Wie pan, dokąd jeździ?, spytała Ewa.
Tomek wzruszył ramionami. Czasem do biblioteki. Czasem do parku. Raz powiedziała, iż autobus to rzeka, a ona lubi dryfować. Nie pytałem o mapę.
Pod ławką leżał drugi szalik, koloru miodu. Ewa podniosła go i strzepnęła kurz. Ta sama metka: jeżeli zimno, to twoje. A.N..
Dwa szaliki, powiedziała Ewa. To nie przypadek.
Lila miała łzy w oczach. Ew, a jeżeli coś jej się stało?

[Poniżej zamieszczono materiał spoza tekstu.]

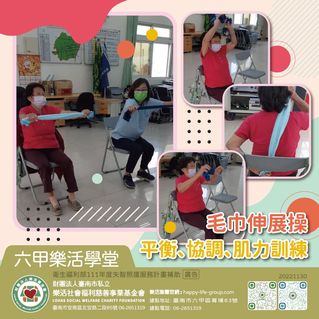 六甲樂活學堂 {坐姿運動/毛巾伸展操} 透過此運動鍛鍊到全身骨頭 透過一些肢體動作來活動全身關節 透過毛巾彈力…
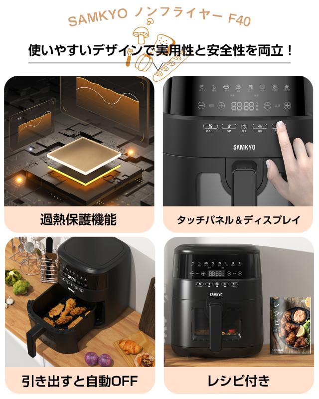・ノンフライヤー「F40」は、「360°熱風循環」技術により、油を使わず空気の熱で食材を揚げます。

Może po prostu jest gdzie indziej, zasugerowała Ewa. Sprawdźmy. Zwróciła się do Tomka: Mogę jechać następnym kursem? Wrócę przed pańską 10:05.

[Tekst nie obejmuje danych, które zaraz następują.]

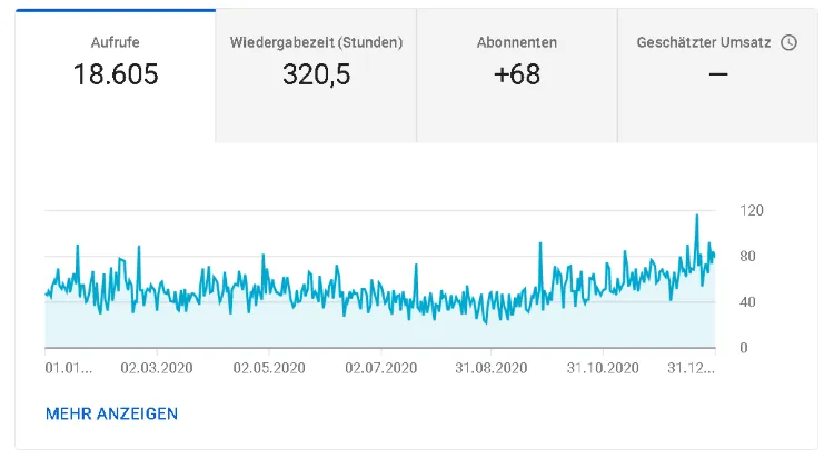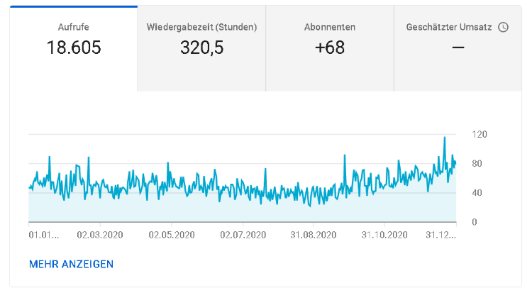 Meine Videos zu den Beiträgen speichere / veröffentliche ich ab einer bestimmten Dateigröße auf YouTube. Das hat zum einen den Vorteil, dass dieser Speicherplatz nicht von meinem Webspace abgezogen wird und zum anderen das die Zielgruppe vergrößert wird. Auch das Jahr 2020 war auf YouTube relativ erfolgreich.

Tomek wskazał kciukiem na drzwi. Wsiadaj na rzekę.
Ewa się zawahała. Lila, może zawiesisz kartkę? »Czy ktoś widział panią Nowak?« Albo nie, to brzmi groźnie. Może: »Szukamy Ady. Opowiedz nam swoją historię«. Podaj numer kawiarni. Ludzie do ciebie zagadują.
Dobrze, odparła Lila, przechodząc w tryb działania. I postawię termos z herbatą. Dla tych, co czekają.
Autobus linii 7 sunął przez Brzozów jak koralik na sznurku. Ewa obserwowała miasto przez okno: pan Marek zamiatający schody przed fryzjerem, para biegaczy w odblaskowych kurtkach, dzieciaki ciągnące się pod muralami domu kultury. Zapytała trzech pasażerów o Adę; wszyscy ją znali.
Dała mi ołówek, powiedział ośmiolatek. Powiedziała, iż służy do zapisywania rzeczy, o których się zapomina mówić.
Kazała mi nie czekać na idealny dzień, by zadzwonić do siostry, dodała kobieta w czerwonym płaszczu, sięgając po telefon. Zadzwoniłam tego popołudnia. Najlepsza rozmowa od pięciu lat.
W bibliotece pani Bożena z działu wypożyczeń kolczyki w kształcie obręczy, spojrzenie, które wybacza opóźnienia, ale ich nie toleruje skinęła głową. Ada? Była wczoraj, oddała dwie powieści i książkę o ptakach. Powiedziała, iż wróci za tydzień z czymś »z przystanku«.
Z czym?, spytała Ewa.
Pani Bożena pstryknęła w blat. Trzyma tu kartonowe pudełko w skrzynce zwrotów. »Dla bezpieczeństwa«. Jest pełne papierków.